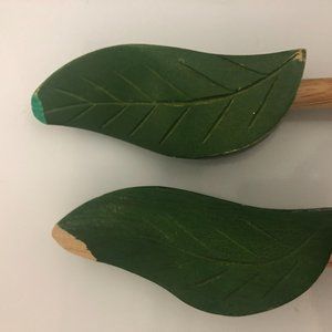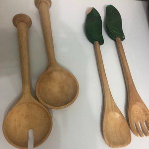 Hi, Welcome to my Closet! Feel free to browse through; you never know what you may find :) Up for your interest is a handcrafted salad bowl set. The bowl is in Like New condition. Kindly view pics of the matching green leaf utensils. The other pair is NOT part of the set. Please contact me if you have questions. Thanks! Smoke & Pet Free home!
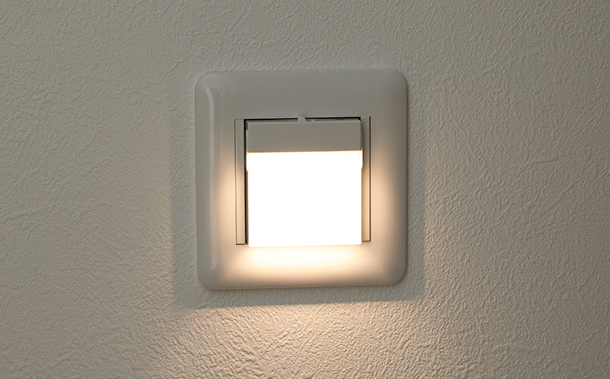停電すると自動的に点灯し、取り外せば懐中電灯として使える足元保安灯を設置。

= = = = = = =

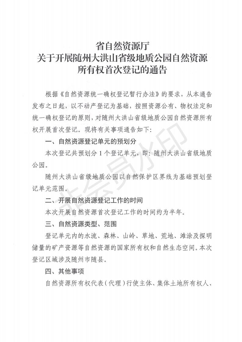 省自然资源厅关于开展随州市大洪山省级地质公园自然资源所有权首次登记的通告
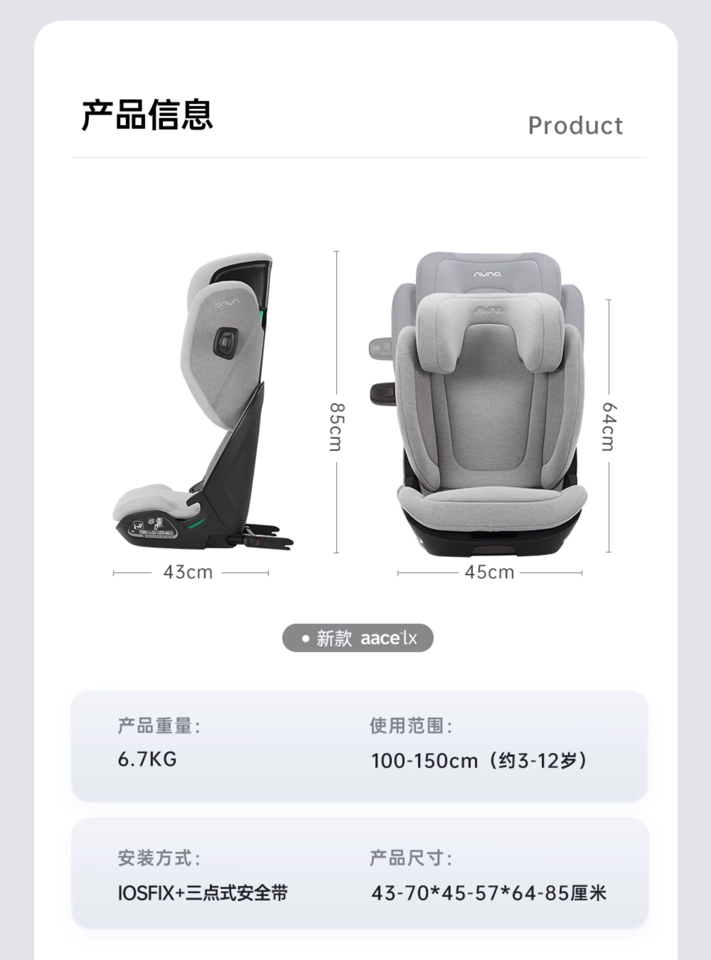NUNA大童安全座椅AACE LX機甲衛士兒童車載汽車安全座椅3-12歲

= = = = = = =

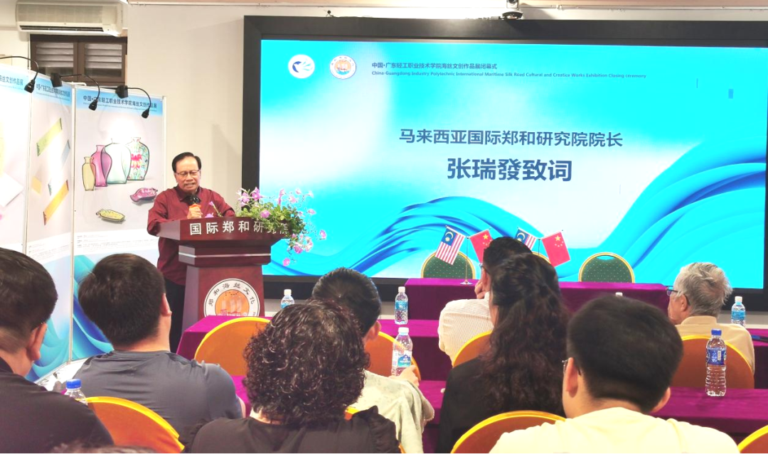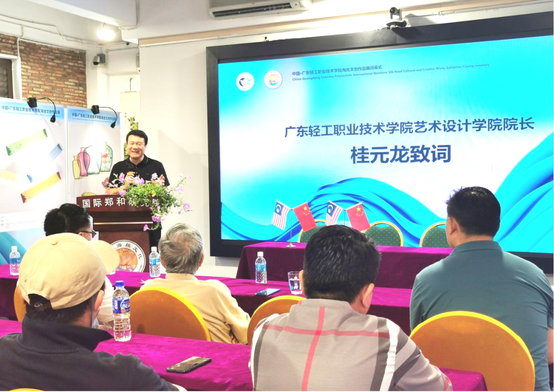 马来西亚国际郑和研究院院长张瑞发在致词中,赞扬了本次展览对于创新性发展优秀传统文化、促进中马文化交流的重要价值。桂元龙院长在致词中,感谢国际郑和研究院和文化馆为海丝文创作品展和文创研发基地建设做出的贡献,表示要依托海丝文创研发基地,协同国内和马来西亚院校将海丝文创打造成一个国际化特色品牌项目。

= = = = = = =

TASK REQUIREMENTS:
Working from the entries above, reproduce exactly and only the lines beginning with the line that has "Hi, Welcome to" and ending with the line that has "停電すると自動的に点灯し、取り外せば懐中電灯として使える足元保安灯を設置。"; omit all pictures.

ANSWER FOR THIS EXERCISE:
 Hi, Welcome to my Closet! Feel free to browse through; you never know what you may find :) Up for your interest is a handcrafted salad bowl set. The bowl is in Like New condition. Kindly view pics of the matching green leaf utensils. The other pair is NOT part of the set. Please contact me if you have questions. Thanks! Smoke & Pet Free home!
停電すると自動的に点灯し、取り外せば懐中電灯として使える足元保安灯を設置。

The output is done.